File System-Based Local Repository

The previous section described how to copy the repository from media and use SMF to serve a local repository. This section shows an alternative method of retrieving the repository from its default location on the Internet and serving the packages from a directory on your local file system.

Note: This example copies the repository from the Oracle Solaris 11 support repository (registration required). To use the support repository, you will need to obtain a key and certificate and install them on your system.

  1. Create a ZFS file system (see Step 1 in the previous section).
  2. Create the required repository infrastructure using the pkgrepo command:

    # pkgrepo create /export/repo2010_11
    
  3. Now, copy the repository using the pkgrecv command. This example shows copying from the Oracle Solaris 11 support repository. Replace path-to-key-file and path-to-cert-file with your locations for the key and certification files.

    Note: Copying the repository can take an hour or two to complete. Wait until you see the Completed output line and the process completes some finish work and displays your system prompt before continuing.

    # pkgrecv -s http://pkg.oracle.com/solaris/support/ -d \ /export/repo2010_11 --key path-to-key-file --cert path-to-cert-file '*'
    
    Processing packages for publisher solaris ...
    Creating Plan
    Retrieving and evaluating 3941 package(s)...
    PROCESS                       ITEMS      GET (MB)       SEND (MB)
    developer/build/cmake      446/3941  332.1/4589.7  1000.2/14511.8
    ...
    Completed                 3941/3941 4589.7/4589.7 14511.8/14511.8
    
  4. Once the repository is copied onto your local system, use the pkgrepo command to build a package index. This will enable clients to search for packages in the local repository.
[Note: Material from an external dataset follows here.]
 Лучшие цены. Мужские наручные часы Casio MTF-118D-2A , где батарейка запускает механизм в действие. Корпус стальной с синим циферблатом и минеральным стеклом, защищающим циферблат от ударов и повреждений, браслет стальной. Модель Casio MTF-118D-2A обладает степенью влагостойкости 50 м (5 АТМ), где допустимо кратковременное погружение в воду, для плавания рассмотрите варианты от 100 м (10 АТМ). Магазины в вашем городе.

    # pkgrepo -s /export/repo2010_11 refresh
    Repository refresh initiated.
    
  5. Once the local repository is set up on your server, you need to configure your client systems to get packages from the local repository. The default preferred publisher for Oracle Solaris 11 systems is solaris and the default origin for that publisher is http://pkg.oracle.com/solaris/release. You need to reset the publisher origin for each client.
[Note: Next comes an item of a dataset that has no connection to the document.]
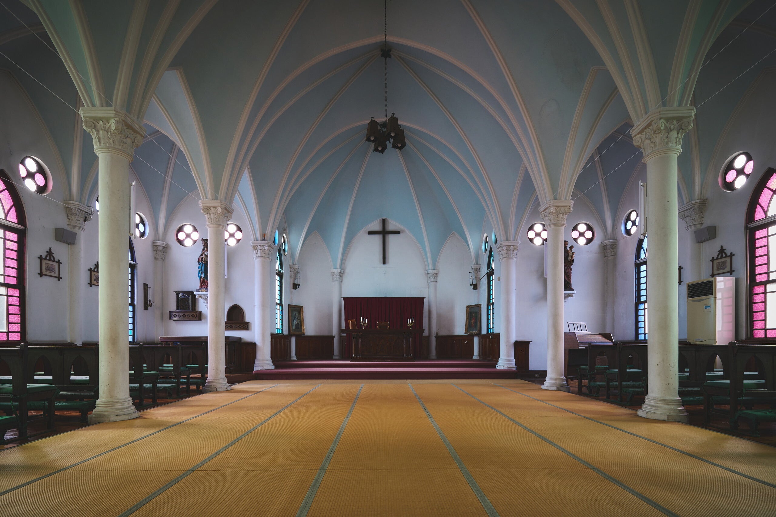 また、聖堂内の床には畳が敷かれていたり、ステンドグラスは障子を思わせるデザインであったりすることから、「日本人にとって親しみやすいカトリック教会」を意識して造られたこともうかがえます。

    Execute the following command on each client, replacing host with your server's host name:

    # pkg set-publisher -G '*' -g /net/host/export/repo2010_11/ solaris
    

    -G '*' removes all existing origins for the solaris publisher. And -g adds the URI of the newly created local repository as the new origin.

Setting Up a Local Repository on Oracle Linux

You can access the Oracle Linux software from the Oracle Unbreakable Linux Network (ULN, which requires a support contract), from the Oracle Linux distribution media, or from the Oracle public yum repository. The Oracle public yum repository is a free and convenient way to install Oracle Linux across the Internet. Keep in mind, however, that while the Oracle public yum repository is updated for every minor release (for example, from 6.1 to 6.2), it is not updated with security updates and bug fixes. The best way to maintain up-to-date and secure systems is with a ULN subscription.

This section provides procedures for setting up a local yum repository on Oracle Linux. This example shows how to download the latest packages from ULN and make them available through a local yum server. You'll need to first set up the local repository on your server, and then configure your clients to use your newly created local repository.

Server Setup

This example uses a system running Oracle Linux Release 6 for x86_64, a 64-bit version of Oracle Linux. For instructions for Oracle Linux 4 and Oracle Linux 5, please see the Yum Repository Setup article on the Oracle Technology Network (OTN).

  1. Register the machine on ULN:

    # uln_register
    

    You will need to enter a user name, a password, and a valid customer support identifier (CSI).

  2. Subscribe this machine to all desired channels:
    1. Open up a Web browser and go to ULN.
    2. Log in to ULN using the user name and password that were used to register this machine.
    3. Click the Systems tab on the upper right corner.
    4. Find the registered machine on the list and click it.
    5. Click the EDIT button.
    6. Select the Yum Server checkbox, and click the Apply Changes button.
    7. Subscribe to channels. You'll need to select required channels for this server, plus any channels for which you wish to create yum repositories.

      First, make sure you register the machine to the correct latest channel and addon channel. Required channels depend on the version and architecture of the OS that is running on this server machine, as shown in Table 1.

      Table 1. Required Channels
      OS ARCHITECTURE REQUIRED CHANNELS
      Oracle Linux 6 i386 ol6_i386_latest, ol6_i386_addons
      Oracle Linux 6 x86_64 ol6_x86_64_latest, ol6_x86_64_addons

      Note: The addons channel is needed to install the uln-yum-proxy package, which in turn will install packages needed to create yum repositories.

      Next, check all channels for which you wish to create yum repositories, and click subscribe. For example, Table 2 shows the channels that are also available for Oracle Linux 6.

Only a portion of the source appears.